I figure I could build a passive and get it back into a Windows Cluster, then install SQL using a pre-configured unattended file, get the availability group feature running and join it back in to the existing AG being held alive by the active primary node in time for tea, well, over a few hours if things are well-connected and its all running good equipment (not laggy servers). But there will be down-time, due to a site reset being necessary to complete the SMS Provider removal process which has to take place before a new primary can be built.

In a moment I’m going to nuke the Active Primary by turning it off.

As you can guess from the serialisation, L3CMN1 is the very first primary built, so offing it is like cutting the cord in a big way, we’re not swinging from an artificial primary back and forth between a real primary, each primary in a High Availability configuration is a real primary, who cares not if its originator still exists, just whether it can reach the database and site systems.

Let’s step back a moment and ponder things.

How many of you are fixated on keeping the primary alive at all costs, treating it like an irreplaceable treasure chest?
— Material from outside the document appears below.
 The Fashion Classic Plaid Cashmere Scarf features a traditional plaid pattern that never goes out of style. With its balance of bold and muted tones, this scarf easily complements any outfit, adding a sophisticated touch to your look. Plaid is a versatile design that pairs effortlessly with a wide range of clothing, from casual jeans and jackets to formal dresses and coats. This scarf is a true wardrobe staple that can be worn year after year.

Isn’t it a strange feeling to begin treating a primary like a throw-away lighter, something that can easily be replaced?

That’s new, exciting as I said.

High Availability is a game-changer, it is literally forcing us to look at a primary, which we’ve treated with affection and protected at all costs in the past, as something easily replaced and ‘disposable’. Almost.
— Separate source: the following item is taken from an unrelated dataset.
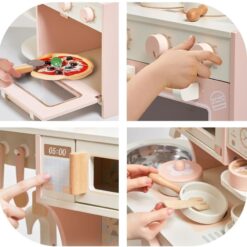 Transformă joaca într-o adevărată aventură culinară cu această bucătărie din lemn complet echipată, ideală pentru copiii pasionați de gătit! Cu un design delicat în nuanțe de roz pastel și multiple funcționalități interactive, bucătăria este perfectă pentru jocuri de rol educative și imaginative.

3rd Party product integration with primaries may require some tending, which would complicate a High Availability design or recovery procedure. I’m exploring that.

Ok let’s have some more fun.

Making life complicated, a dead primary with SMS Provider and Roles

I’ve now installed the SMS Provider and a Management Point onto L3CMN1, before I sacrifice it to the Hyper-V gods for this guide.

SMS Provider coverage now looks like this:

  1. L3CMN1 – SMS Provider
  2. L3CMSS1 – SMS Provider
  3. L3CMSS2 – SMS Provider

Having the SMS Provider on the Active Primary will complicate things a little when it comes time to perform magic, this is so I can show you one way to back this stuff out and remove an unrecoverable passive site server with roles installed.

Remember there is no console installed onto a newly built passive, so when I turn the lights off on L3CMN1, I’m going to transition to the other primary and install the console there. This will get me back to using the console to talk to the SMS Providers on the two site systems.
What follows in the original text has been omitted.